*** Opening of DATA FOR PROCESSING ***

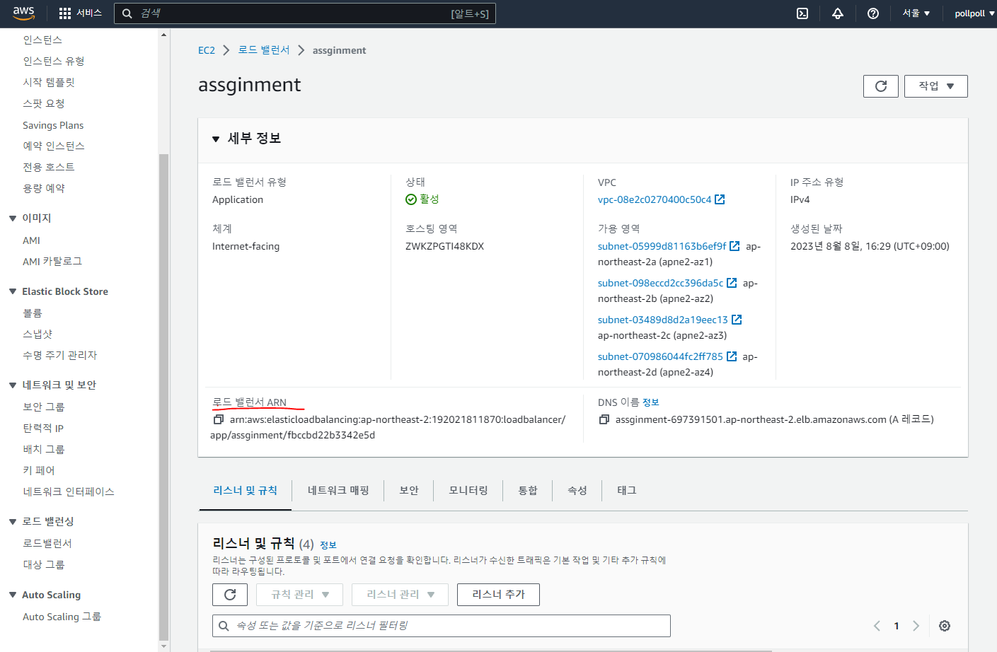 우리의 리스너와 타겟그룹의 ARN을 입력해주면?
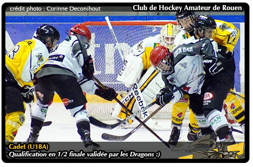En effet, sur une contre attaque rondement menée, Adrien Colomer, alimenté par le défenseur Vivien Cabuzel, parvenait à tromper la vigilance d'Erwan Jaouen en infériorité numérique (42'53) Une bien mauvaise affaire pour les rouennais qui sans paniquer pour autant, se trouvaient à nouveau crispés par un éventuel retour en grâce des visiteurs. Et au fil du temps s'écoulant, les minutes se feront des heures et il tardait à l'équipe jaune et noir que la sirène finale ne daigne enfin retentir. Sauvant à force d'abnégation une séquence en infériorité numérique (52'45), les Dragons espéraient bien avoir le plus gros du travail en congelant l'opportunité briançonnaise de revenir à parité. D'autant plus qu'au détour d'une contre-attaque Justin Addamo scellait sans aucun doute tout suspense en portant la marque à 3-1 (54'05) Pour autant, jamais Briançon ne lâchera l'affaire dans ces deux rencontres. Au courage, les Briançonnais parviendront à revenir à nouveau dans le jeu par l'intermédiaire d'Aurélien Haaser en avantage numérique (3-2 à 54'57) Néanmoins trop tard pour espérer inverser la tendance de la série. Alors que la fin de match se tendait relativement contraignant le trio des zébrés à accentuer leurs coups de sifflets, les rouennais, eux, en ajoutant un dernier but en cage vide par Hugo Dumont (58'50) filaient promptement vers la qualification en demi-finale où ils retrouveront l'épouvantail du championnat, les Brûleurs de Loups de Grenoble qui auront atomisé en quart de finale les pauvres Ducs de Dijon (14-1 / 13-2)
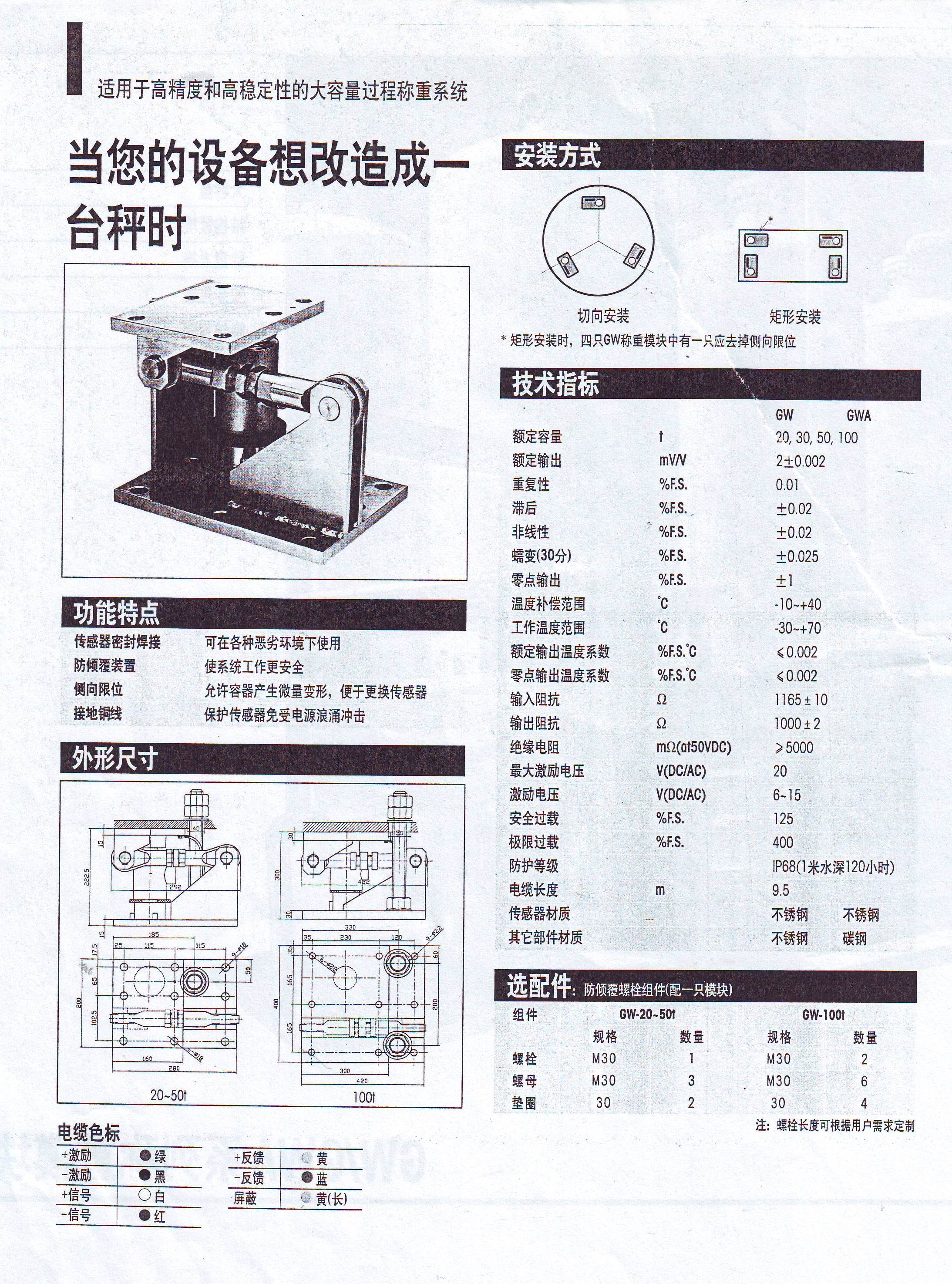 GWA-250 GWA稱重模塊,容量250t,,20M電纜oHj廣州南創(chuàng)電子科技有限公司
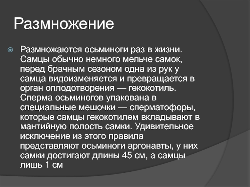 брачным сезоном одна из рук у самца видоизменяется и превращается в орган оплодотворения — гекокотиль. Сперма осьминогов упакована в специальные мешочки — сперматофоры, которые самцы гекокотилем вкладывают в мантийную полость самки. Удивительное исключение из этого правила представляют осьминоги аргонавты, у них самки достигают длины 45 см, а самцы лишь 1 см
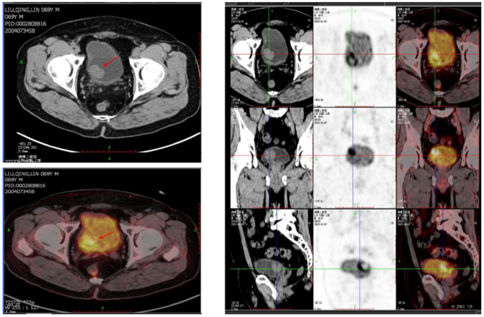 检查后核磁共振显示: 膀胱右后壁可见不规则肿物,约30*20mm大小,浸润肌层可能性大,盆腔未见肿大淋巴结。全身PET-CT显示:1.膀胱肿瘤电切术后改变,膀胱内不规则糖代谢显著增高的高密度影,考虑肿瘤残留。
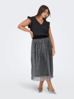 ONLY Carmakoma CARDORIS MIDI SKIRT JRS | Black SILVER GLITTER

*** Close of DATA FOR PROCESSING ***

• REQUIRED WORK:
Exactly the lines from the start of the entries above through the line with "GWA-250 GWA稱重模" should be reproduced, and nothing else; drop the pictures.

• EXERCISE OUTPUT:
 우리의 리스너와 타겟그룹의 ARN을 입력해주면?
En effet, sur une contre attaque rondement menée, Adrien Colomer, alimenté par le défenseur Vivien Cabuzel, parvenait à tromper la vigilance d'Erwan Jaouen en infériorité numérique (42'53) Une bien mauvaise affaire pour les rouennais qui sans paniquer pour autant, se trouvaient à nouveau crispés par un éventuel retour en grâce des visiteurs. Et au fil du temps s'écoulant, les minutes se feront des heures et il tardait à l'équipe jaune et noir que la sirène finale ne daigne enfin retentir. Sauvant à force d'abnégation une séquence en infériorité numérique (52'45), les Dragons espéraient bien avoir le plus gros du travail en congelant l'opportunité briançonnaise de revenir à parité. D'autant plus qu'au détour d'une contre-attaque Justin Addamo scellait sans aucun doute tout suspense en portant la marque à 3-1 (54'05) Pour autant, jamais Briançon ne lâchera l'affaire dans ces deux rencontres. Au courage, les Briançonnais parviendront à revenir à nouveau dans le jeu par l'intermédiaire d'Aurélien Haaser en avantage numérique (3-2 à 54'57) Néanmoins trop tard pour espérer inverser la tendance de la série. Alors que la fin de match se tendait relativement contraignant le trio des zébrés à accentuer leurs coups de sifflets, les rouennais, eux, en ajoutant un dernier but en cage vide par Hugo Dumont (58'50) filaient promptement vers la qualification en demi-finale où ils retrouveront l'épouvantail du championnat, les Brûleurs de Loups de Grenoble qui auront atomisé en quart de finale les pauvres Ducs de Dijon (14-1 / 13-2)
 GWA-250 GWA稱重模塊,容量250t,,20M電纜oHj廣州南創(chuàng)電子科技有限公司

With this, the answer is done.